Rachid Barnat écrit – Pour les musulmans, les prières se font à la mosquée ou chez soi. Cela est valable pour les citoyens et davantage pour les hommes politiques, dont chaque fait ou geste a une signification particulière.
J’ai vu en direct, grâce à la Chaîne Nationale 1, la réunion plénière de l’Assemblée constituante du 6 décembre. Transmission des débats en direct, revendiquée entre autres par les facebookers et exaucée par les parlementaires.
Ce qui frappe de prime abord, c’est le calme, la sérénité et la dignité de tous les participants malgré quelques coups d’éclat. La liberté de parole et de ton confirment que la démocratie n’est pas fictive.

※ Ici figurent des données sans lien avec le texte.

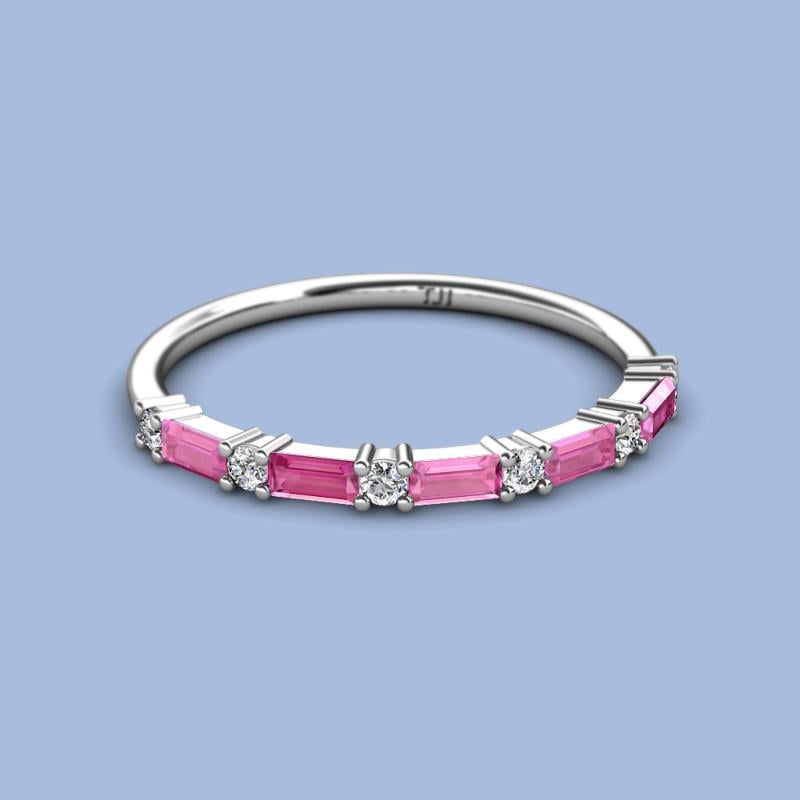This spectacular Wedding Band has Baguette Pink Sapphire and Round Diamond that shimmers perfectly together and completes the ensemble on your Wedding Day.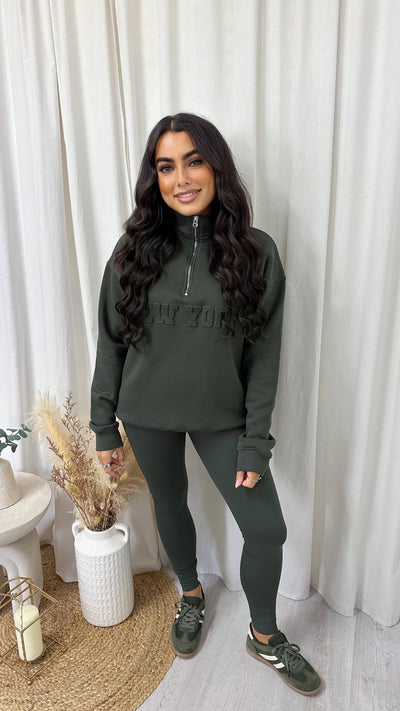 New York Embossed Half Zip Sweatshirt - KHAKI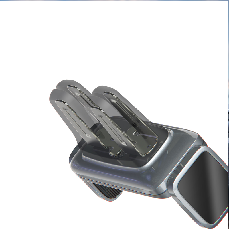 Компактный аксессуар для крепления сотового телефона на вентиляционную решетку в автомобиле. Двойной зажим надежно фиксирует держатель. Простая раздвижная конструкция.

Ce qui m’a choqué, en revanche, c’est quand les élus d’Ennahdha ont voulu suspendre la séance de la Constituante pour pouvoir aller faire la prière du «maghreb» (crépuscule). Le président leur a rappelé qu’ils sont libres de rester ou de sortir. Mais il a poursuivi la séance.
La prière n’attend pas ?
Comme un seul homme, tout le groupe parlementaire du parti islamiste tunisien s’est levé pour quitter la salle. La prière n’attend pas !
Par ce geste ostentatoire, que cherchent-ils à prouver ? Qu’ils sont plus musulmans que leurs collègues ? Qu’ils sont «de bons musulmans» et que leurs collègues sont «de mauvais musulmans», ou pour reprendre une terminologie qui leur est chère, que leurs collègues sont «des mécréants» ? Font-ils du zèle, en mettant ainsi leur foi en spectacle ?

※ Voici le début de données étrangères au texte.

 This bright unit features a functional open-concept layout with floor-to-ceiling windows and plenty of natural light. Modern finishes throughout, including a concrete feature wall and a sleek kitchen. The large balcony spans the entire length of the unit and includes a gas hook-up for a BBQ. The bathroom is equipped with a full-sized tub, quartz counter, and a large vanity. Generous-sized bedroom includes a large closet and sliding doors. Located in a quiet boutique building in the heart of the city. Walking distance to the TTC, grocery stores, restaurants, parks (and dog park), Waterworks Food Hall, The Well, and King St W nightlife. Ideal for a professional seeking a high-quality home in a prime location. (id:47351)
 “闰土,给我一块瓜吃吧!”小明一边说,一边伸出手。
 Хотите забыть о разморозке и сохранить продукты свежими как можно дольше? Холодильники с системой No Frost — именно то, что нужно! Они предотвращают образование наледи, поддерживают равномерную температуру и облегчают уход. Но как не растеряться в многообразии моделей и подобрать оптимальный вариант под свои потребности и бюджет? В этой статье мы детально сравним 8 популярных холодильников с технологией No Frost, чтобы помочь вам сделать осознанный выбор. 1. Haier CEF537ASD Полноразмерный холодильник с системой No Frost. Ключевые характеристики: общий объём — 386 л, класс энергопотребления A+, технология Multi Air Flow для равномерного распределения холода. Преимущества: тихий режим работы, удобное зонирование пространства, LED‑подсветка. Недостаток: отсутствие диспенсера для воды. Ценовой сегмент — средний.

Les Tunisiens tireraient grand profit à relire la comédie de Molière : ‘‘Tartufe’’, toujours d’une grande actualité et qui met en scène un religieux parfaitement hypocrite qui donne l’apparence d’une foi profonde et ostentatoire et qui n’en est pas moins un hypocrite et un fieffé coquin. Cela fait rire mais cela met en scène une vérité que je retrouve aujourd’hui.
Il me semble que le peuple tunisien paie ses parlementaires pour le servir. Leurs prières, comme tous les Tunisiens qui travaillent, ils peuvent les rattraper une fois rentrés chez eux. Car dans un tel lieu, l’Assemblée nationale, leur acte n’a rien d’anodin ! Ici, il a valeur de symbole politique.
Or, ces islamistes ne cessent d’instrumentaliser la religion depuis que leur parti a été légalisé. Il faut que cela cesse. Leur comédie peut se retourner contre tout le peuple, si on n’y prend garde !
Le spectacle de la foi
De faire de leur foi un spectacle permanent, cela s’appelle du prosélytisme. Et pour quelle obédience ? Pour une obédience wahhabite étrangère aux Tunisiens attachés au malékisme traditionnel de leurs parents. Malékisme qui réprouve toute ostentation dans l’exercice de sa foi.
Ces hommes politiques n’ont pas à faire étalage permanent de leur foi dans les lieux publics et plus particulièrement dans le parlement de la république. Il faut qu’ils cessent l’amalgame qu’ils font ente la politique et religion !
Leur ostentation choque les Tunisiens attachés à leur obédience malékite, pour qui les prières se font à la mosquée ou chez soi, aussi bien pour eux que pour les hommes politiques. Et davantage pour les élus du peuple, dont chaque acte ou geste a une signification… politique.